La France n’est donc pas un cas isolé. Elle fournit néanmoins, avec la Belgique, le Danemark et le Royaume-Uni, un des plus importants contingents occidentaux. En effet, les chiffres ne cessent d’augmenter. De 50 en mars 2013, puis 800 en juillet dernier, nous serions passés selon le ministère de l’intérieur à 1 132 Français impliqués dans des filières djihadistes. Parmi eux, 376 Français seraient présents en Syrie et en Irak. Jamais ce phénomène ne s’était manifesté dans de telles proportions.
La menace est donc bien réelle, et grandissante.
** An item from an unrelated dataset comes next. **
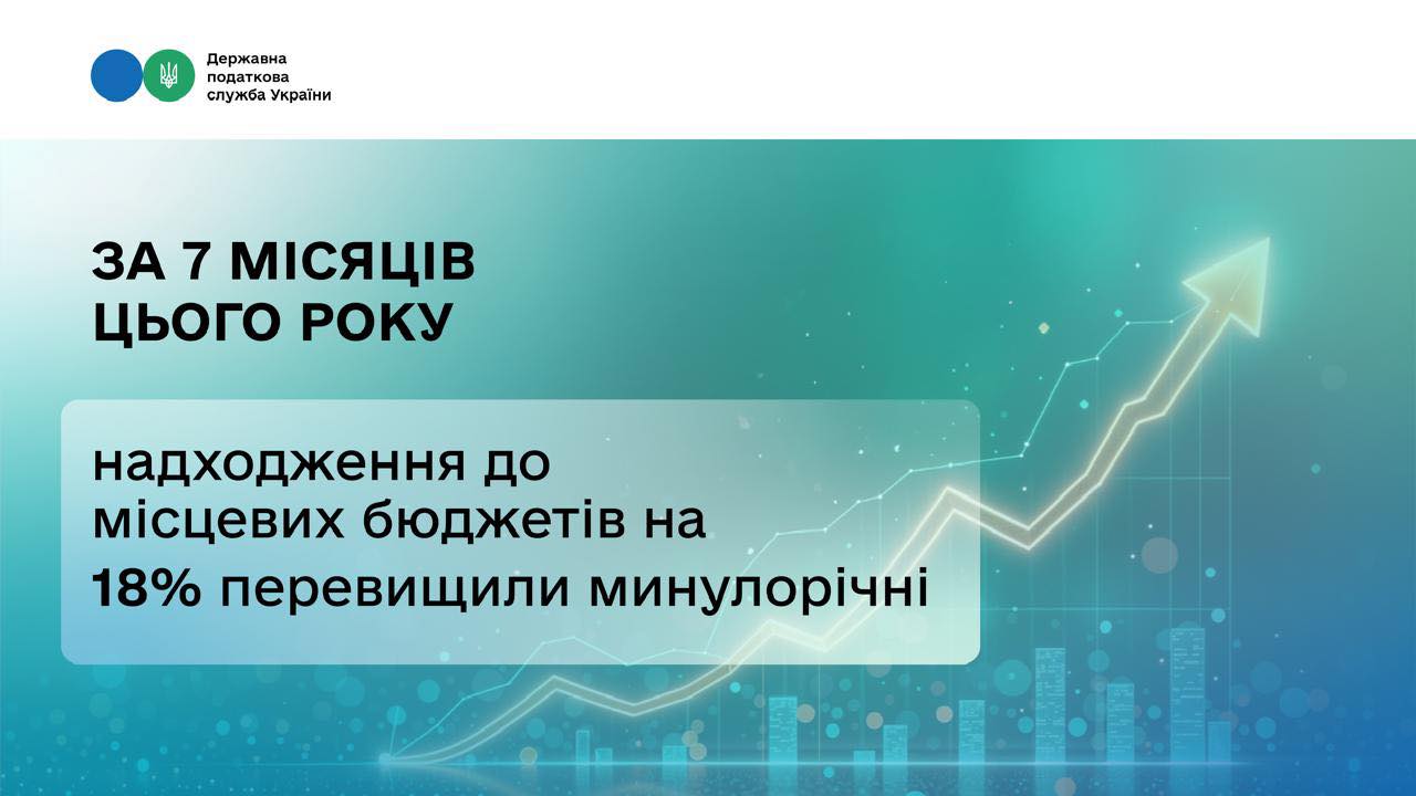 За 7 місяців цього року надходження до місцевих бюджетів склали понад 280 млрд грн. Це на 18 % більше, ніж за аналогічний період 2024 року. Про це на своїй сторінці у Facebook повідомила в. о. Голови Державної податкової служби України Леся Карнаух.

Elle est d’autant plus inquiétante que l’on sait que ces citoyens français, qui prennent les armes afin de partir faire le djihad, peuvent potentiellement revenir en Europe avec une idéologie chargée de haine envers l’Occident et la solide expérience militaire qu’ils ont pu acquérir.
C’est pleinement conscients de ces menaces que les sénateurs du groupe UDI-UC ont initié une commission d’enquête sur l’organisation et les moyens de la lutte contre les réseaux djihadistes en France et en Europe. Créée le 9 octobre dernier, cette commission d’enquête a d’ores et déjà débuté ses travaux et procédé à plusieurs auditions.
Certes, il serait inexact de dire que cette menace n’a pas été prise en compte par le législateur. À deux reprises, sous cette législature, nous avons adapté notre législation à ces nouvelles réalités. Cet arsenal a été complété par une interdiction administrative du territoire, dont nous avions souligné le caractère indispensable, pour faire face à la recrudescence du départ de jeunes Français vers des zones où l’apprentissage de la lutte armée se double d’un embrigadement idéologique. Les conséquences de l’utilisation intensive d’internet comme moyen de propagande et de recrutement ont également été prises en compte. Rappelons que 91 % des recrutements se feraient par internet, sur les réseaux sociaux et par des vidéos de propagande et d’endoctrinement.
La loi du 13 novembre 2014 renforçant les dispositions relatives à la lutte contre le terrorisme a également permis la création d’un délit d’entreprise terroriste individuelle. Pour autant, comme certains d’entre nous l’avaient dénoncé, la question du retour en France des individus qui auront participé à des actions sur les théâtres djihadistes est demeurée sans réponse.
À ce titre, la création d’une commission d’enquête nous semble nécessaire. Elle permettra à notre assemblée d’analyser l’efficacité des moyens de prévention, de détection et de surveillance des filières djihadistes et des radicaux religieux présentant des risques manifestes de réalisation d’actes terroristes. Cette commission, qui sera également l’occasion de faire le point sur la coopération policière en Europe, devrait aboutir à la formulation de propositions pour renforcer la lutte contre le djihad.
Nous ne saurions nous priver d’un tel travail d’analyse, qui sera à coup sûr utile au renforcement de la surveillance et de la lutte contre ces filières. Le groupe UDI soutient donc la création de cette commission d’enquête.